As tensions with Venezuela continue to simmer over President Nicolas Maduro’s attempt to annex oil-rich Essequibo from Guyana, the U.S. is sending a top defense official to Guyana to discuss the situation.

U.S. Deputy Assistant Secretary of Defense for the Western Hemisphere Daniel P. Erikson is visiting Guyana on Monday and Tuesday in what the U.S. Embassy in Guyana referred to as a push for a “bilateral defense and security partnership in support of regional stability”. Erikson will be meeting with the Guyanese government and military leaders, as well as with the regional bloc, the Caribbean Community (CARICOM).

In December, Guyana and Venezuela vowed to avoid the use of force in the dispute, which escalated earlier last month after Maduro held a referendum to annex Essequibo, then vowing to force the exit of foreign oil producers who refused to comply.

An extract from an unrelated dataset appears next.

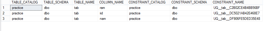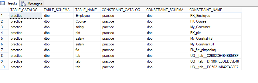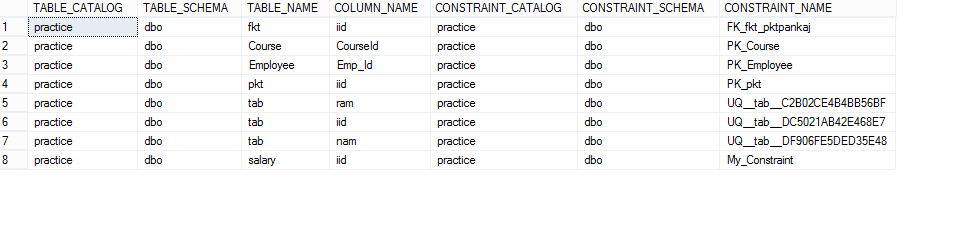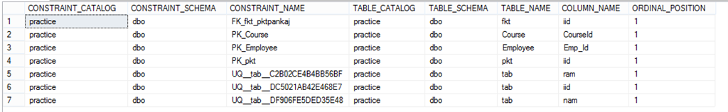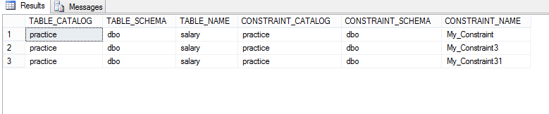 INFORMATION_SCHEMA.CONSTRAINT_TABLE_USAGEThis system view returns information about a table that contains any type of constraint. This Information_Schema is used when we want to find all the constraint used by a table. This query returns Table_Name and Constraint_Name but doesn't return Column_Name.
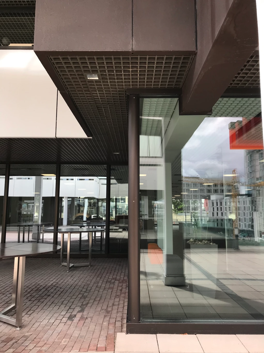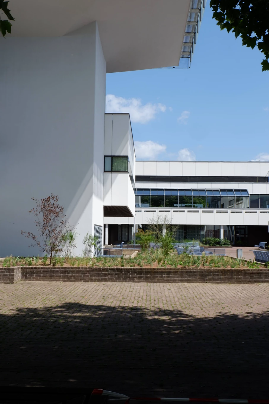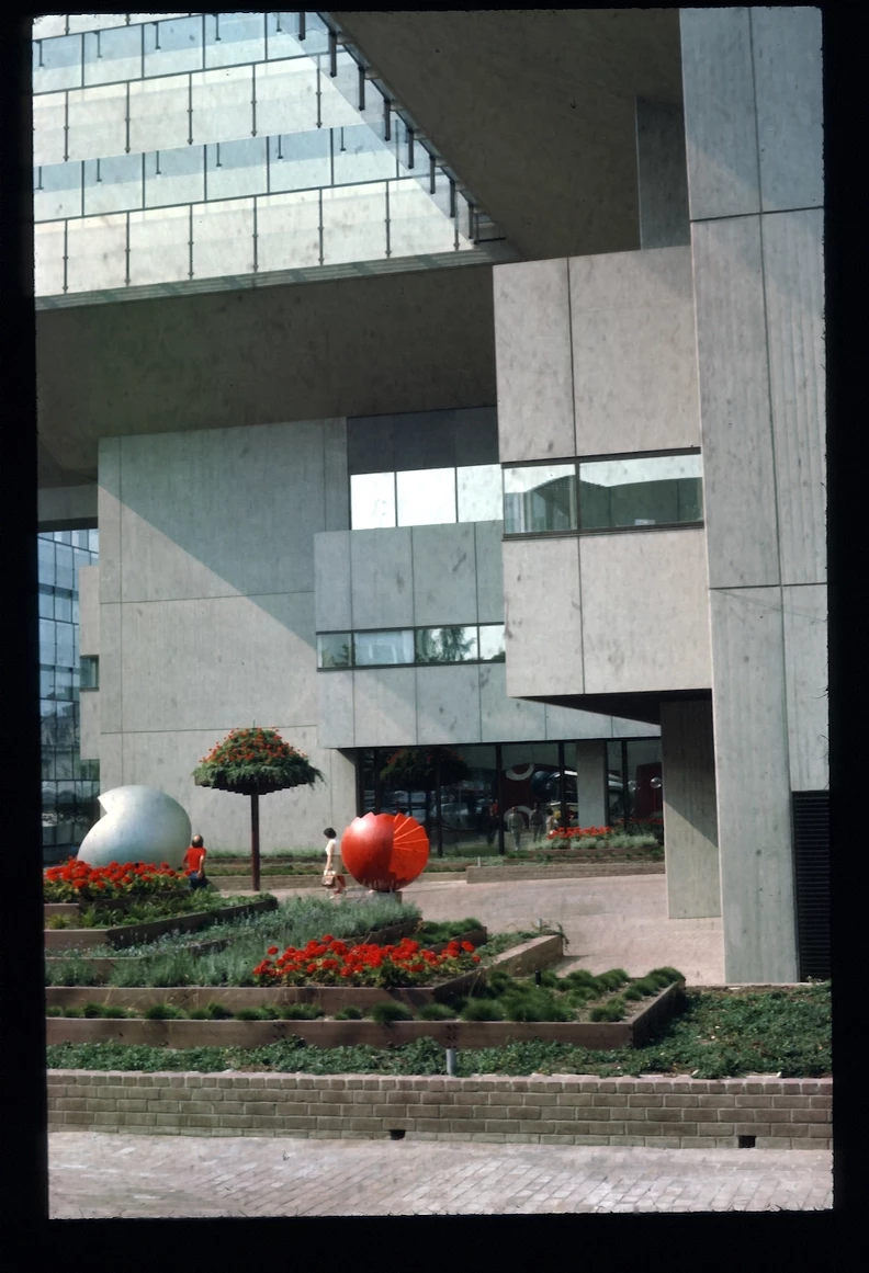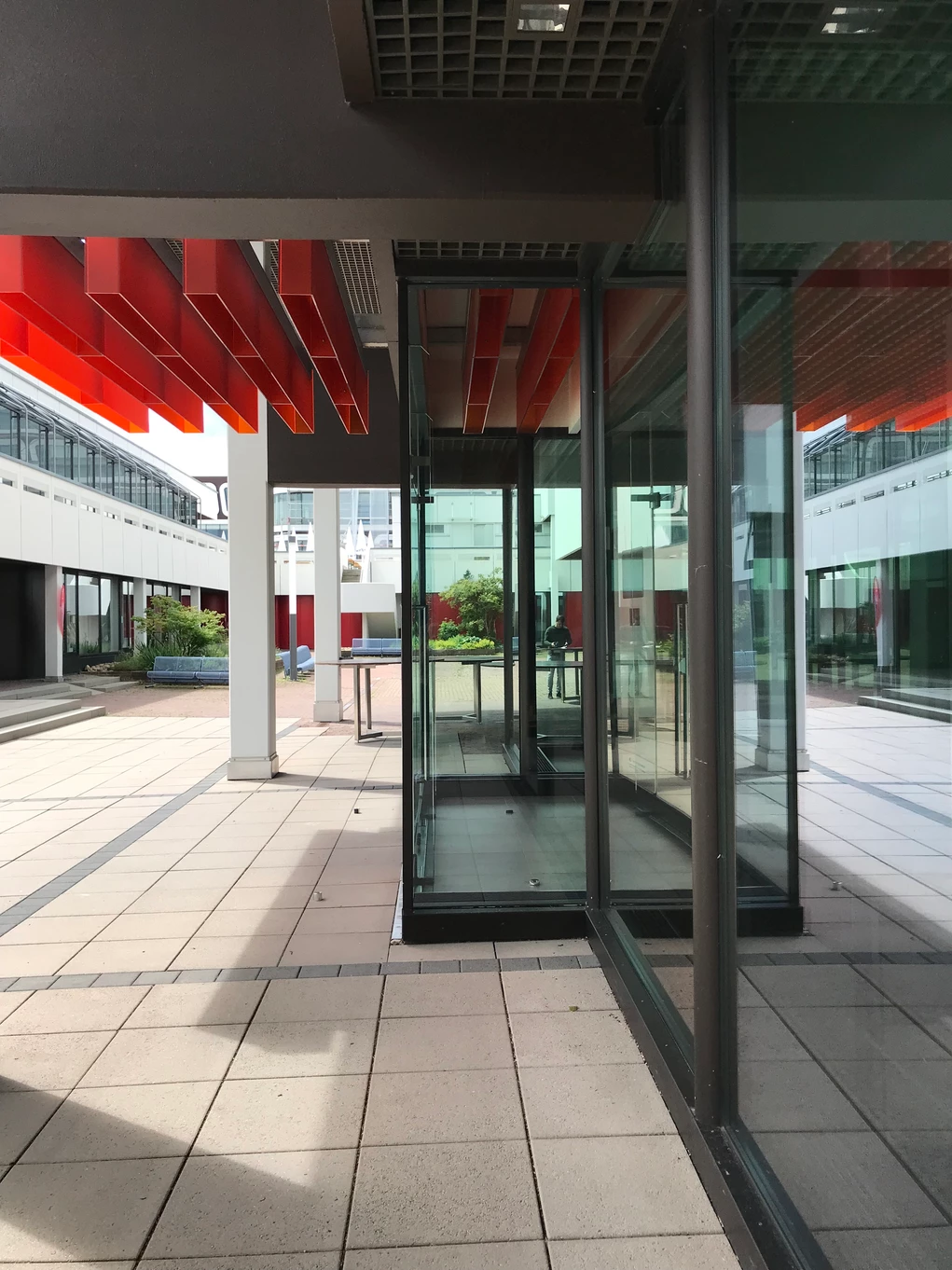 Blick über den zentralen öffentlichen Platz mit Ladengeschäften und Wohnungen rechts, dem Hauptbau links und geradeaus der Kantine. Heutiger Zustand, Abfanggeschoss Im Abfanggeschoss ist die Technik untergebracht. Außerdem vermittelt das Detail zwischen der Leichtigkeit der Obergeschosse und der Massivität des Sockels.

The Venezuelan parliament has yet to pass a law establishing Venezuela’s jurisdiction over the Essequibo region, which represents two-thirds of the territory of Guyana and is where its oil riches are concentrated.

Maduro is facing elections this year, and there has been significant speculation that the subject of the rightful ownership of Essequibo–a popular topic among Venezuelans–is being used to create a state-of-emergency situation that could justify the postponing of the elections.

In the meantime, an easing of U.S. sanctions on Venezuela, which remains in place despite Maduro’s moves on Essequibo, where Exxon has made massive discoveries offshore, Venezuela’s oil exports rose 12% last year, reaching nearly 700,000 barrels per day.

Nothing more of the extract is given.